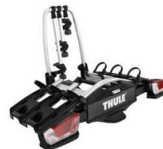
Coach 276 3 db-os bicikli tartó
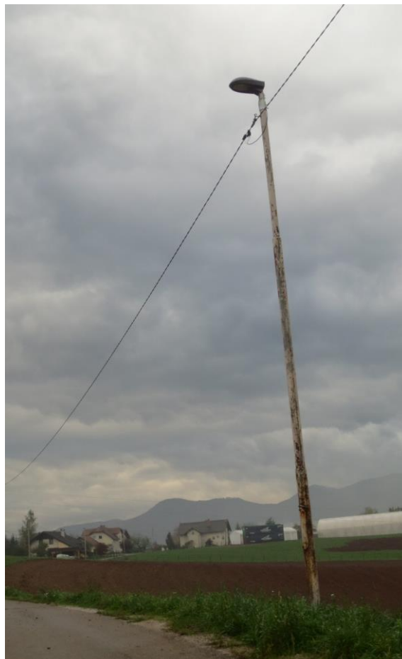
Slika 1: Prerjaven kandelaber v občini Grosuplje

Barvanje izvajamo v suhem vremenu pri stopinjah nad 5 stopinj.
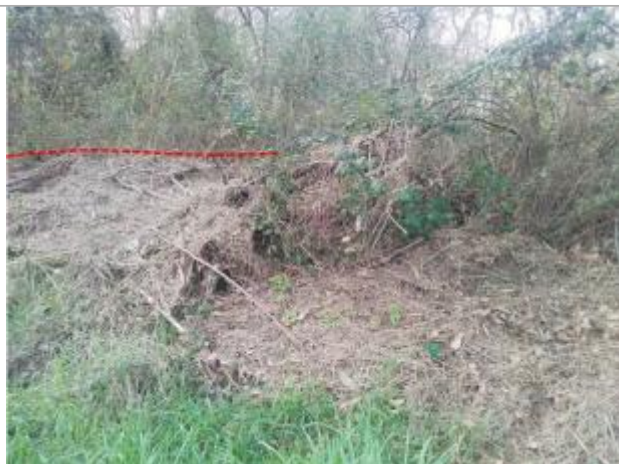
Laisse d'inondation dans végétation

Altitude calculée de l'eau (en m) : 294.95
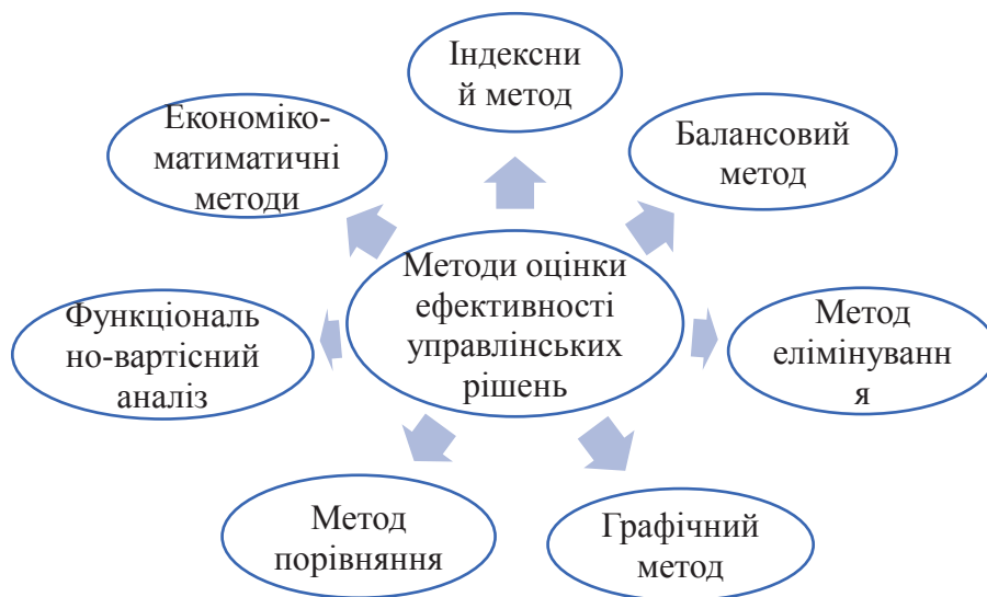
Рис. 1. Методи оцінки ефективності управлінських рішень

У процесі оцінки ефективності управлінських рішень найчастіше застосовується 7 методів (рис. 1) [3]. Проте, застосування для оцінки ефективності управлінських рішень лише одного з розглянутих методів не дасть топ-менеджменту компанії повної картини.
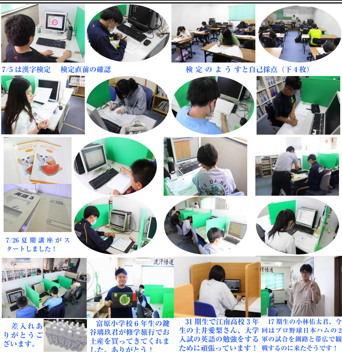
7/5は漢字検定 検定直前の確認
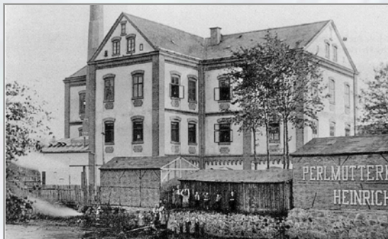
Továrna Heinricha Adlera v Tachově.
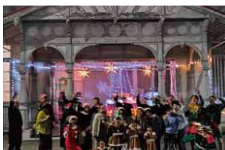
浜寺公園駅旧駅舎前で 記念撮影 (国登録有形文化財)
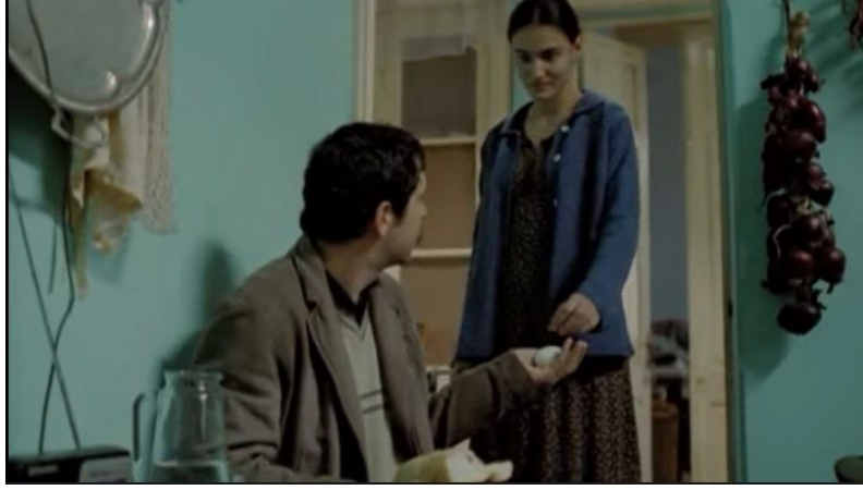
Şekil 11. Yumurta Filmi Görsel 9
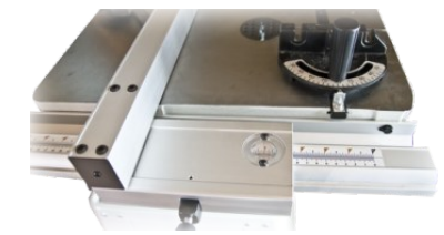
Parallel + Gehrungsanschlag
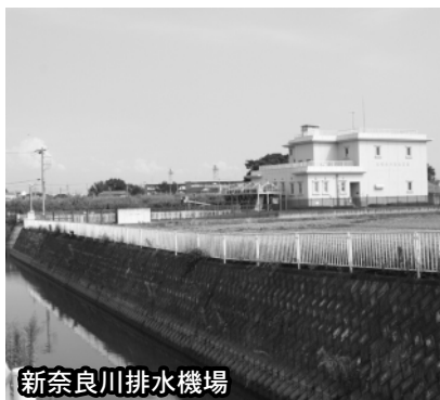
新奈良川排水機場

の水位に達した場合、排水機場のポンプ運転の制限や停止をしなければならぬ。これは放流先の一級河川へ内水排除を続けた場合には、一級河川の氾濫の危険性が非常に高まるため、やむを得ないと考えている。④地下室に通じる開口部などから水が入らないように、止水板を設置することについて、建物所有者自身に設置の必要性があるか否かの判断はしていただくことになっている。従って、止水板を設置させることについては、建築基準法に基づく指導の対象とすることはできない。⑤止水板設置のお願いをホームページに掲載するとともに、市の建築確認申請の窓口などにパンフレットを備え置くなどし、浸水被害対策の啓発を行っていきたい。 (下水道課)
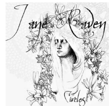
Jane Raven: Circles POMCD8001
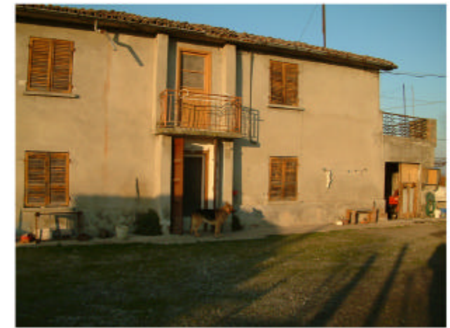
3. Edificio 1. Fronte sud
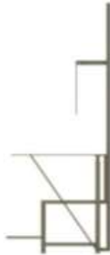
Gambar 2 Rancang Bangun Desain 2D

Tahapan selanjutnya dari perancangan adalah pembuatan desain Kursi Anthropometri dengan software AutoCAD untuk mendapatkan bentuk yang diinginkan.
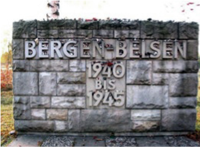
Gedenkteken voor het voormalige concentratiekamp Bergen-Belsen
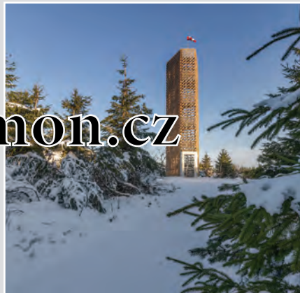
Velká Deštná s nadmořskou výškou 1116 m n. m. je nejvyšší horou Orlických hor. Na jejím vrcholu stojí rozhledna měřící téměř 18 metrů. Vyjdete-li 96 schodů, naskytnou se vám výhledy na okolní hory i do podhůří.
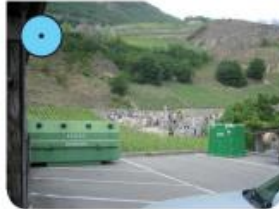
Place Ménier (verre, papier, PET)
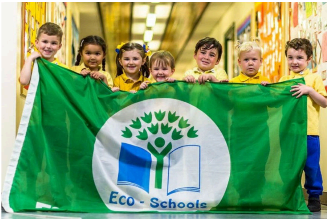
Djeca kopiraju navike odraslih

Objavio Daniela Delale - Utorak, 30. rujna 2025. u 11:31
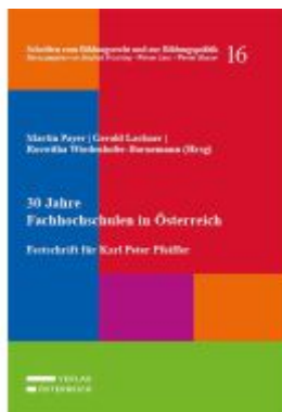
30 Jahre Fachhochschulen in Österreich Ladenpreis: 95,00EUR
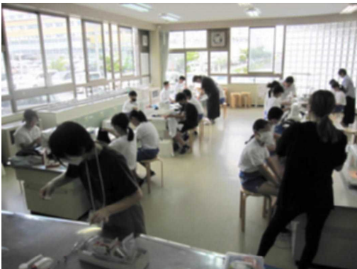
ミシンボランティアの方々

6年生が家庭科の時間に、修学旅行で使うナップザック製作をしました。ミシンボランティアの方々を手伝っていただき、古着に手を加え、ナップザックに作り替えることができました。9月3日(日)、4日(月)、リメイクしたナップザックを持って修学旅行に行ってきました。
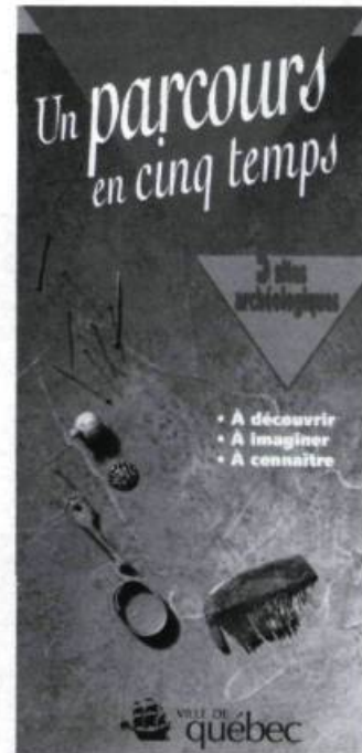
William Moss et Henriette Thériault (dir). Un parcours en cinq temps . Québec: Ville de Québec, Bureau des arts et de la culture, Service de l'urbanisme en collaboration avec le Service des communications et des relations extérieures, 1993, 37 p.

Résultat d'une action concertée de dix-huit musées et centres d'interprétation de Québec, la publication propose 33 sorties éducatives pour le primaire et le secondaire, choisies en fonction de la thématique: Québec, ville mémoire. Admirablement bien conçu, c'est un outil de planification de premier ordre pour les activités pédagogiques. La publication de la brochure a été rendue possible grâce à la participation financière du ministère de la Culture, du ministère de l'Éducation et de la Ville de Québec. C.L.
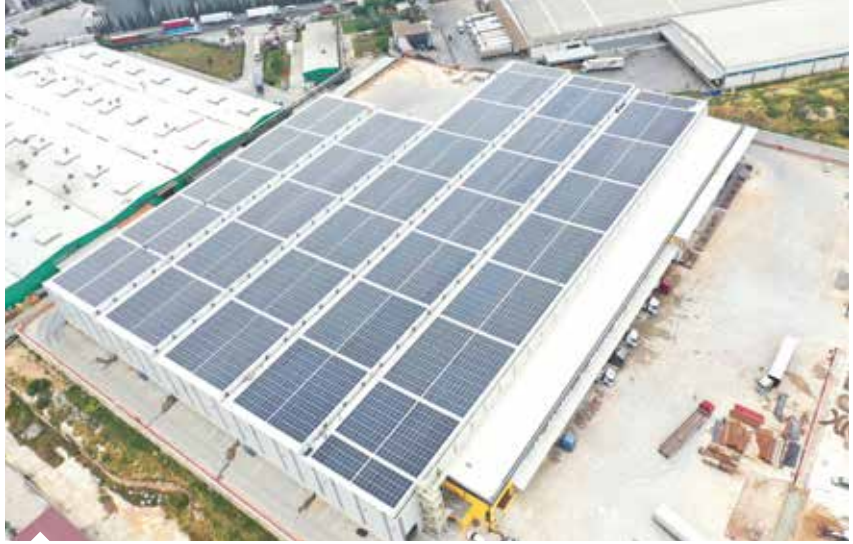
IDS Enerji, sanayi kuruluşlarında çatı tipi güneş enerjisi santrallerinin kurulumunu gerçekleştirirken enerji şirketlerinin arazi tipi güneş enerjisi santrali yatırımlarını da gerçekleştiriyor.
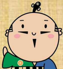
出世大名 家康くん
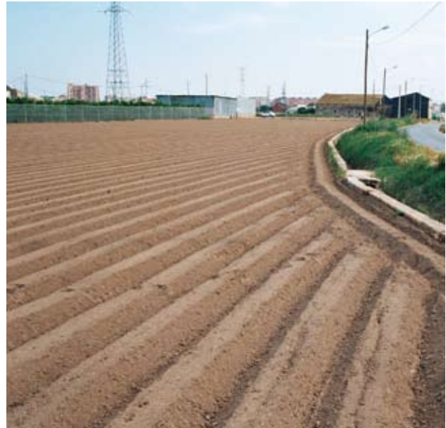
Adaptación de la parcela medida en hanegadas a la curva del camino de Carpesa, generando un límite exterior claramente irregular que dificulta la medición del campo. Razonablemente el camino era previo al repartimiento y medición feudal del siglo XIII y fue respetado como eje organizativo del paisaje

Es por ello que el asentamiento poblacional musulmán alrededor de la ciudad a partir del siglo VIII y su crecimiento progresivo hasta principios del siglo XIII estuvo íntimamente ligado a la construcción de los sucesivos sistemas hidráulicos de la Huerta,
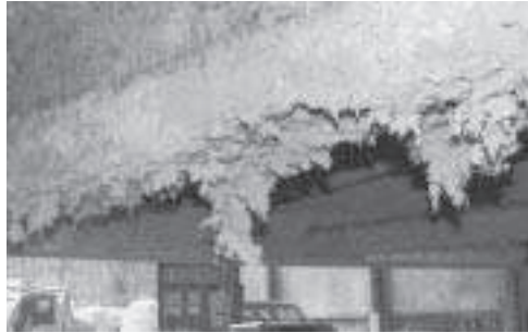
アスベストはこんなふうに使われている。(写真は当別町内施設とは関係ありません。)

環境対策部長 管理体制は、各施設の管理者が施設管理しており、現体制を徹底し、必要最小限の者の出入りにとどめる。住民への情報提供と相談体制は、広報紙十月号やホームページでお知らせするほか、厚生労働省や北海道が発信する関連情報を提供する。
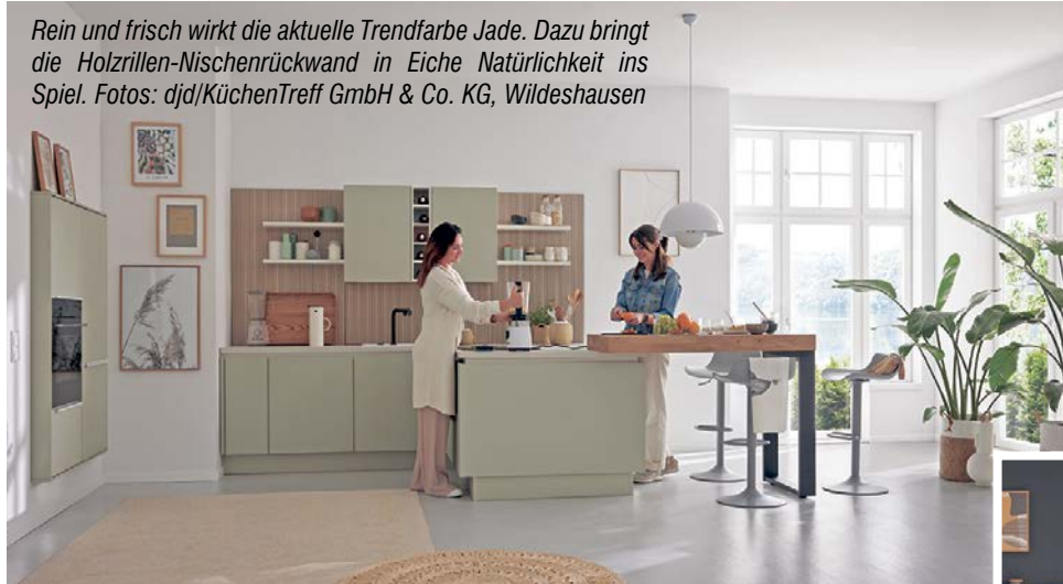
Rein und frisch wirkt die aktuelle Trendfarbe Jade. Dazu bringt die Holzrillen-Nischenrückwand in Eiche Natürlichkeit ins Spiel.

Allen technischen Raffinessen zum Trotz: Die Farbe ist das Erste, was einem beim Anblick einer Küche ins Auge fällt. Sie soll ein gutes Gefühl vermitteln, lange Freude machen und – gerade bei offenen Wohnkonzepten – auch zur restlichen Einrichtung passen. Lange dominierte das neutrale Weiß die Kücheneinrichtungen, in den letzten Jahren waren dagegen vielfach sehr dunkle Fronten angesagt. Jetzt geht der Trend wieder in Richtung hell: Sanfte Pastelltöne bringen auf dezente Weise Farbe in die Küche und sind genau richtig für ein kreatives und frisches Design.
....
Output exactly the lines above, beginning at the one with "Objavio Daniela Delale" and stopping after the one with "6年生が家庭科の時間に、修学". Pictures are to be omitted.

> _Written solution_
Objavio Daniela Delale - Utorak, 30. rujna 2025. u 11:31
30 Jahre Fachhochschulen in Österreich Ladenpreis: 95,00EUR
ミシンボランティアの方々

6年生が家庭科の時間に、修学旅行で使うナップザック製作をしました。ミシンボランティアの方々を手伝っていただき、古着に手を加え、ナップザックに作り替えることができました。9月3日(日)、4日(月)、リメイクしたナップザックを持って修学旅行に行ってきました。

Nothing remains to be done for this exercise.